→ TASK GOAL
Find the line containing "任务完成后您就获得《明珠三国》中的第一个坐骑——新手战马了!", then print it and each line after it through the end of the listing exactly, with no pictures.

→ DATASET CONTENT

★ ★ ★ ★

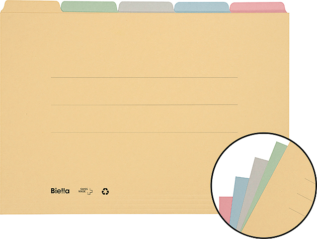 Mit der praktischen 5-teiligen Registermappe von BIELLA ist eine optimale Organisation innerhalb einer ORIGINAL®-Hängemappe garantiert. Mit ihren 5 verschieden farbigen Mappen und ausgerüstet mit versetzten Registertaben, finden Sie Ihre Unterlagen mit einem Griff. Die einzelnen Mappen sind optimal als Teilprojekte-Mappen geeignet, universell einsetzbar und schaffen Ordnung und Übersicht. Der zurückgeschnittene Vorderdeckel vereinfacht die Entnahme der Dokumente. Die Mappen sind mit 3 Beschriftungslinien und 5 Rillen ausgestattet.
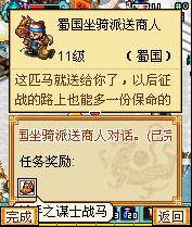 任务完成后您就获得《明珠三国》中的第一个坐骑——新手战马了!
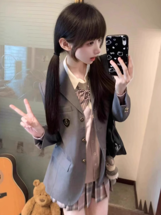Pink Plaid 39CM Uniform JK Skirt Pleated Pattern

★ ★ ★ ★

→ RESULT OF THE TASK
 任务完成后您就获得《明珠三国》中的第一个坐骑——新手战马了!
Pink Plaid 39CM Uniform JK Skirt Pleated Pattern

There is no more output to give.